Bush's position reinforced the stance adopted -- despite Arab protests -- at an international conference in Rome Wednesday.
Israel seized on that refusal to call for a quick truce as a green light to press on with its offensive.
But that claim was dismissed Friday as "outrageous" by Washington, in its strongest open criticism of Israel yet during the conflict.
Israeli attacks on south Lebanon Friday killed 10 more civilians, including a Jordanian, while fierce clashes flared between Israeli troops and Hezbollah militants around the flashpoint town of Bint Jbeil.
Army chief Dan Halutz on Thursday claimed that "enormous" damage had been inflicted on Hezbollah with hundreds of its fighters hit.

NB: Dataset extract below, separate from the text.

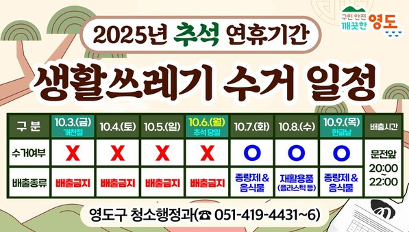 부산 영도구는 10월 3일(금)~6일(월)까지 수거 중단, 7일(화)부터 재개됩니다. 재활용품은 8일(수) 가능합니다.

A total of 51 Israelis have died in cross-border fighting, most of them soldiers. The government has ordered the mobilisation of three divisions of reservists -- as many as 30,000 more troops, although it said it has decided to limit its ground offensives.
In the Gaza Strip, where Israel is engaged in another assault to retrieve a third captured serviceman, two people were killed on Friday, bringing the death toll from the month-old offensive to at least 145 Palestinians and one Israeli.
The army said two Israeli children were lightly wounded on Friday when a rocket fired from the Gaza Strip landed on the southern Israeli town of Ashkelon.